Air Greenland seeks to fly from BWI


For those tired of summer heat, the Arctic may soon be just a few hours away.

Greenland's national airline, Air Greenland A.S., has applied to the U.S. government for clearance to fly between the globe's icy northern reaches and Baltimore-Washington International Thurgood Marshall Airport. If approved, it would be the first direct flight between the countries.

To get to Greenland now, U.S. travelers have to connect through Denmark, Iceland or Canada, according to travel agents. And that is hampering the country's effort to lure some of the same adventurous - and well-outfitted - American tourists who found Iceland years ago and are looking for the next unbeaten path.

On its Web site, Greenland's tourism board promotes such activities as dog sledding and ice climbing.

"The U.S. enjoys an increasing closer relationship with Greenland," read the airline's June application to the U.S. Department of Transportation for a permit to fly to Baltimore and possibly other cities. "It would open new markets to citizens of the U.S. and Greenland and serve the public interest."

Air Greenland wants to offer two round-trip flights a week from BWI on a Boeing 757 from May to August, beginning in May 2007, and once a week if service continues in the fall. The flight would land in Kangerlussuaq on the country's western border. Travelers could hike, drive, fly or mountain bike to a nearby ice cap and stay overnight - "if you bring a tent," according to the tourist board.

BWI has built its modest international service mainly on such niche carriers; Icelandair, for example, has offered daily service since 1990. A spokesman for the U.S. Transportation Department couldn't say yesterday when a decision on Air Greenland's application to fly from BWI would be made.

If approved, U.S. travelers could be dog sledding in the springtime and skiing on glaciers in the summer. Generally, visitors have to fly between towns because there are no roads, although some people sail when sea ice permits - something government scientists say is becoming more frequent as global warming melts the world's ice sheets. Yesterday's afternoon temperature was 59 degrees Fahrenheit in Kangerlussuaq.

Generally, Greenland is too cold to be attractive for a visit much of the year. With more than 80 percent of it covered in ice, winter temperatures can go below minus 40 degrees in parts of the country. Lore, although disputed, has it that icier Greenland and greener Iceland switched names at one time to fool invaders.

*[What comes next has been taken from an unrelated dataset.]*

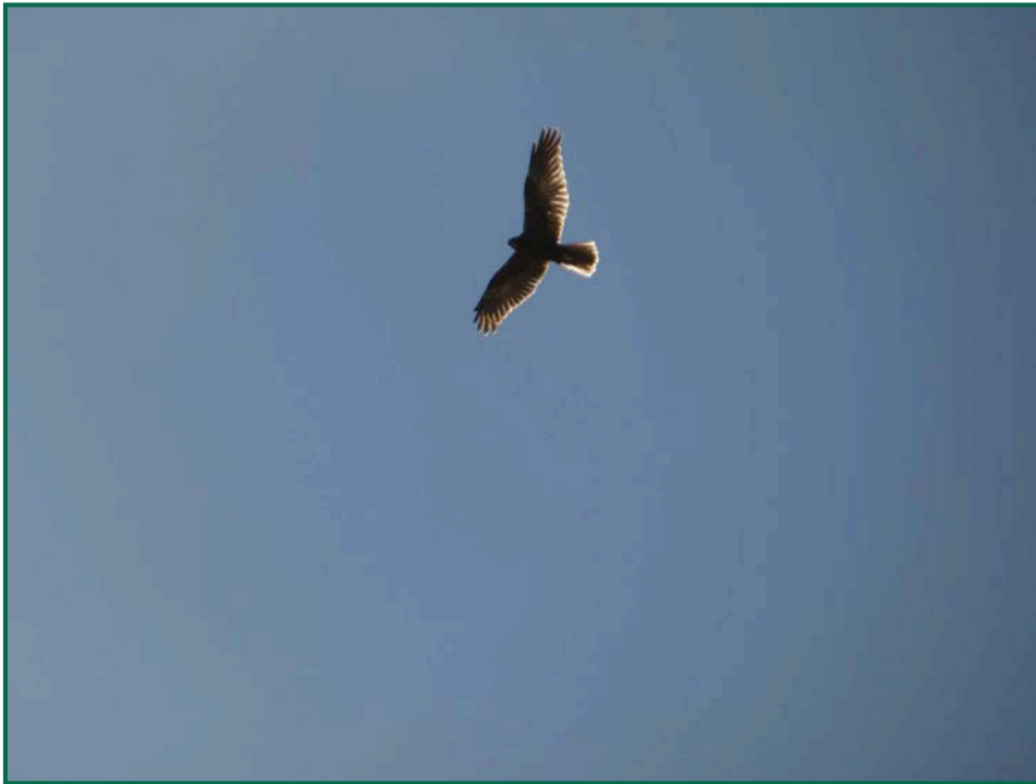
Fotografía 11. Busardo ratonero ( Buteo buteo ).

Regardless, travel agents say Greenland is becoming the next new thing. About 16,000 people annually visit the country, granted self-government in 1979 by Denmark. About 55,000 people live there.

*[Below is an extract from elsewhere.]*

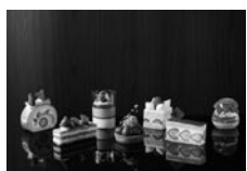
宮城県亶理町山元町産イチゴ「もういっこ」

Kathleen Kearney, a travel agent for Katlin Travel Group in Lexington, Mass., has been arranging trips there for about six years. It's growing in popularity among "seasoned travelers" who like to hike, camp and sail.

She gets about two or three calls a month in season from interested people, up from one or two a few years ago. She predicted the twice-a-week flight from BWI would be full with travelers from all over the United States.

"It's hard sometimes to get there now because there isn't a lot of capacity for passengers. There's more room for cargo," she said. "Plus, you have the added expense and time to fly to Europe or Canada first. I think an overnight stay is still required in Canada. Greenland would do nothing but benefit from this flight."

The state of Maryland, which owns BWI, filed a document in support of the airline with the Transportation Department.

"This would be a good service to offer," Jonathan Dean, an airport spokesman, said yesterday. "There is a developing travel market between the United States and Greenland for adventure tourism and eco-tourism. This would make it much more efficient for travelers from the U.S."